EXERCISE DESCRIPTION:
Copy nothing but the lines below running from the line containing "दुर्बल दिव्यांग कल्याण" through the line containing "Grâce à sa construction", both end lines included.

PROVIDED DATA:
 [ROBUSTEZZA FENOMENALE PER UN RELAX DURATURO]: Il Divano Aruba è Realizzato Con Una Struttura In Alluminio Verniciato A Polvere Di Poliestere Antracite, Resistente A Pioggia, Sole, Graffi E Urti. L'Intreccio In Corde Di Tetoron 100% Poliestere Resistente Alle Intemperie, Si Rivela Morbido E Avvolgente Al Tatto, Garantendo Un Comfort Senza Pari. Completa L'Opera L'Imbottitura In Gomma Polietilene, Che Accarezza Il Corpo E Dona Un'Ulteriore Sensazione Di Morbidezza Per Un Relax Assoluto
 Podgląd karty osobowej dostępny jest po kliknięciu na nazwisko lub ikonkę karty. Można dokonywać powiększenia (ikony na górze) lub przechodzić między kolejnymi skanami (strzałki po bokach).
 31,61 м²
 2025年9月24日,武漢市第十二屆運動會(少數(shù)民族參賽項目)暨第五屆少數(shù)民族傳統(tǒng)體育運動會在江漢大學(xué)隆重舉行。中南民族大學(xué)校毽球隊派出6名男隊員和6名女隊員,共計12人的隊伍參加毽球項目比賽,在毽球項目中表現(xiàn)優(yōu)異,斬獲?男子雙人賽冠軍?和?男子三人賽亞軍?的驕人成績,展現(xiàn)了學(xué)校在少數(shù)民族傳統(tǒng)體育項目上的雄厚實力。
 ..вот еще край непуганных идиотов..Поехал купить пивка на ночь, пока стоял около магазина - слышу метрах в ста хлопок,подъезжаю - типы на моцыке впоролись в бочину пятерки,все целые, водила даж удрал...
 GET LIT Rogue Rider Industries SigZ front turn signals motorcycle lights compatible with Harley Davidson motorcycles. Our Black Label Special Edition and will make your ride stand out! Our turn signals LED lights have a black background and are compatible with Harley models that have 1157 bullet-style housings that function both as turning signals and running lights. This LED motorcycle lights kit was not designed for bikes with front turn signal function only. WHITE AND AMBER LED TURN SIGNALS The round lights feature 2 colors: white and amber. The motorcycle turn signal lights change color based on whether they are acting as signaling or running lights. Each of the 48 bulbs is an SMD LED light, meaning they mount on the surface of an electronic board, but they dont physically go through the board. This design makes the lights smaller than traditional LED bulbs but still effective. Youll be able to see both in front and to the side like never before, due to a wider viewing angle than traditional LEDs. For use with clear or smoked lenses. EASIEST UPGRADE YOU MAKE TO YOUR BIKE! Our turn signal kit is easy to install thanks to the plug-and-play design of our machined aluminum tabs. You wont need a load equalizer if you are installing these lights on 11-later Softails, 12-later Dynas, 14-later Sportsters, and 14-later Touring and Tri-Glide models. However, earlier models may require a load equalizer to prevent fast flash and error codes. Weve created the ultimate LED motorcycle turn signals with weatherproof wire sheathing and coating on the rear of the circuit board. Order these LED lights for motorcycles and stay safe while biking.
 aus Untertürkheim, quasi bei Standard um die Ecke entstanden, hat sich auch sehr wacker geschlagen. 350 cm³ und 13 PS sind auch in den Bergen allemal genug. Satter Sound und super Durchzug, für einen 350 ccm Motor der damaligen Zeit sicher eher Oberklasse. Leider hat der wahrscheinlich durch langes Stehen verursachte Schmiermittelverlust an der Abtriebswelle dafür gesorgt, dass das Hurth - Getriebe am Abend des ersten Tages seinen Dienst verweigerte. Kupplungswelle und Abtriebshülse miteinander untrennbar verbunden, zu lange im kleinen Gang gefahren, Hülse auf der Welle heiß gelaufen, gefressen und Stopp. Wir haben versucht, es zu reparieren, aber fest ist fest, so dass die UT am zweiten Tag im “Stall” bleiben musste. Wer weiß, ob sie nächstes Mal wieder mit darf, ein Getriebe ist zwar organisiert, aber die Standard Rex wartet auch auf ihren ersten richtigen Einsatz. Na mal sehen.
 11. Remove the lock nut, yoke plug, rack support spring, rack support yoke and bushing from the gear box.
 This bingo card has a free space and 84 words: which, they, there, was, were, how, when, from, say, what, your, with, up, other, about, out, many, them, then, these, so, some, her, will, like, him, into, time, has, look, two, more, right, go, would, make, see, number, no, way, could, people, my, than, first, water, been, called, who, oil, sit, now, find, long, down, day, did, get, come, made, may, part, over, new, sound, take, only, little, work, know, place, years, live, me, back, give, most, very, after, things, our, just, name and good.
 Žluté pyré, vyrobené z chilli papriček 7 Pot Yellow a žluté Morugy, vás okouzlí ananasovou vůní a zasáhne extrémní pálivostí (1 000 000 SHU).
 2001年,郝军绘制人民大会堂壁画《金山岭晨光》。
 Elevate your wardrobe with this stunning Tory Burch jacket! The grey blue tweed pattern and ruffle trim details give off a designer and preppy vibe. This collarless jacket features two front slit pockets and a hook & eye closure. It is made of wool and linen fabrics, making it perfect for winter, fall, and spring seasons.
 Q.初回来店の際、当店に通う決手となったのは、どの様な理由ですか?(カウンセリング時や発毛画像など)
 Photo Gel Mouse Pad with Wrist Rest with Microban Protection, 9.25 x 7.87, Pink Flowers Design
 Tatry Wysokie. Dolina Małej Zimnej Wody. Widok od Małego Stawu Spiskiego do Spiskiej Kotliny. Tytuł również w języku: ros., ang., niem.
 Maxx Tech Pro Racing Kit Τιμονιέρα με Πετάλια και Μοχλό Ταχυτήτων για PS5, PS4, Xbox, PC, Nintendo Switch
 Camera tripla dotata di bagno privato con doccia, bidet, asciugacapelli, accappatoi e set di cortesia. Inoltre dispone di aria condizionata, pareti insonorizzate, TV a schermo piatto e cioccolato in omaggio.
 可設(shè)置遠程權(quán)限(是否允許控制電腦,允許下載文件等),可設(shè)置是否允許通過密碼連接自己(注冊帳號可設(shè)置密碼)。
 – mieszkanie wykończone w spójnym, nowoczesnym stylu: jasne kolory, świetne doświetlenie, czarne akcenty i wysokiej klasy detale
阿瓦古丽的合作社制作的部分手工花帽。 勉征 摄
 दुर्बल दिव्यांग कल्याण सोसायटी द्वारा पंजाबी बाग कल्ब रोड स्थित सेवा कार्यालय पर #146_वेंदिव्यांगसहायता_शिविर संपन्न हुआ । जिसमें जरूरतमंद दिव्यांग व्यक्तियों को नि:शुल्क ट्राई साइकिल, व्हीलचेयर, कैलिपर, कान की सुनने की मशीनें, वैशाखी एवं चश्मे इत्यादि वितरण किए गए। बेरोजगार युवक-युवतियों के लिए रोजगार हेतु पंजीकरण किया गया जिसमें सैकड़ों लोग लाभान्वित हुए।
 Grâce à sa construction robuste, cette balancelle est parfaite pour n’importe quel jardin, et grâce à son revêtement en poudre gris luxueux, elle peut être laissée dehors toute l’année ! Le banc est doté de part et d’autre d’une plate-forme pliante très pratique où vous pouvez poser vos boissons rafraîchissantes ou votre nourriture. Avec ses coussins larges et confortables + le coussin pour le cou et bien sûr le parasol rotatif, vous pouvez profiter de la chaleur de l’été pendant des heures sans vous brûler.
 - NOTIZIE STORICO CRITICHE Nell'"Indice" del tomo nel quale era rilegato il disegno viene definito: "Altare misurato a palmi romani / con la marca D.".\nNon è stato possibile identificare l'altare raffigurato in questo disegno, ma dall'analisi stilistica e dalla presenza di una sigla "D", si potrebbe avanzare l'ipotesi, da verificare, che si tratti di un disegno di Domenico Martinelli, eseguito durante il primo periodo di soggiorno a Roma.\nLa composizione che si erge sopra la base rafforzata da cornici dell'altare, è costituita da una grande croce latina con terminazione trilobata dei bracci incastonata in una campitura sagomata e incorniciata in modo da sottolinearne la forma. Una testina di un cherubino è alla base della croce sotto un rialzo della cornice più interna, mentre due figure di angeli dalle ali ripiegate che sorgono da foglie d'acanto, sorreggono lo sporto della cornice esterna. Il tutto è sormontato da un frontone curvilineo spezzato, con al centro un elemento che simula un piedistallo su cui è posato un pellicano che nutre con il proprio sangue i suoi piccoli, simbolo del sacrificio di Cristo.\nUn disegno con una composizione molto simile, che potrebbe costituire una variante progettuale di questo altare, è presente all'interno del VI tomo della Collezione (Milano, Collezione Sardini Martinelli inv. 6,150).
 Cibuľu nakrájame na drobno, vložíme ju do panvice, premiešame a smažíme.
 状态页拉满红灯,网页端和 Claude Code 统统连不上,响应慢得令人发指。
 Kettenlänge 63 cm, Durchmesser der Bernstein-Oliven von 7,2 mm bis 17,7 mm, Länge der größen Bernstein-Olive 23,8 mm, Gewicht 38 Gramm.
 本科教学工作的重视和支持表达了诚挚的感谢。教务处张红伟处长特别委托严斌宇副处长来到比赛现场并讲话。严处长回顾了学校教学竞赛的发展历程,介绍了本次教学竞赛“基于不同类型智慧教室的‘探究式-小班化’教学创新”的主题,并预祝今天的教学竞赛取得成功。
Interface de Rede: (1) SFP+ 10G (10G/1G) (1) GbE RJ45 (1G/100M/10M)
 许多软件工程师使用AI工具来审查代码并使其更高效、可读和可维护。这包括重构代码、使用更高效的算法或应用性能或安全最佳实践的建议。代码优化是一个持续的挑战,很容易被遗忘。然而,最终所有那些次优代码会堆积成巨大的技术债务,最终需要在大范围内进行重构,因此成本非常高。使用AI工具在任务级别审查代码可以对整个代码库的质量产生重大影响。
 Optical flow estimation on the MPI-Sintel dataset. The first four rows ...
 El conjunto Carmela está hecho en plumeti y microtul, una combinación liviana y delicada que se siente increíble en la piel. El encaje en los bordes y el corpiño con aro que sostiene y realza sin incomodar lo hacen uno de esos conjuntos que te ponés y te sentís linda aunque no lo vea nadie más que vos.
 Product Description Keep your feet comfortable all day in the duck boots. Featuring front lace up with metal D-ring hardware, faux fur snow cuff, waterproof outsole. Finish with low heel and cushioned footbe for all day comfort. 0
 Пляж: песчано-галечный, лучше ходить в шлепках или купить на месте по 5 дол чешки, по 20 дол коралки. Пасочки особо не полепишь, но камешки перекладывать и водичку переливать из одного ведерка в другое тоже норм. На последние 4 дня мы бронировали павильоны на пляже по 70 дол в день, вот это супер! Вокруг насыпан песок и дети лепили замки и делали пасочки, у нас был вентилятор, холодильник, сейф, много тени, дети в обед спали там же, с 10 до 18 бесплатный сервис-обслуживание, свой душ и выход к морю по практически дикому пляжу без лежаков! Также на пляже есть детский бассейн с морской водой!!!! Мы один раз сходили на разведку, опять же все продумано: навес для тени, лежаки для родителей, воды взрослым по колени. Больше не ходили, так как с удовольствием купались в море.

ANSWER TO THE EXERCISE:
 दुर्बल दिव्यांग कल्याण सोसायटी द्वारा पंजाबी बाग कल्ब रोड स्थित सेवा कार्यालय पर #146_वेंदिव्यांगसहायता_शिविर संपन्न हुआ । जिसमें जरूरतमंद दिव्यांग व्यक्तियों को नि:शुल्क ट्राई साइकिल, व्हीलचेयर, कैलिपर, कान की सुनने की मशीनें, वैशाखी एवं चश्मे इत्यादि वितरण किए गए। बेरोजगार युवक-युवतियों के लिए रोजगार हेतु पंजीकरण किया गया जिसमें सैकड़ों लोग लाभान्वित हुए।
 Grâce à sa construction robuste, cette balancelle est parfaite pour n’importe quel jardin, et grâce à son revêtement en poudre gris luxueux, elle peut être laissée dehors toute l’année ! Le banc est doté de part et d’autre d’une plate-forme pliante très pratique où vous pouvez poser vos boissons rafraîchissantes ou votre nourriture. Avec ses coussins larges et confortables + le coussin pour le cou et bien sûr le parasol rotatif, vous pouvez profiter de la chaleur de l’été pendant des heures sans vous brûler.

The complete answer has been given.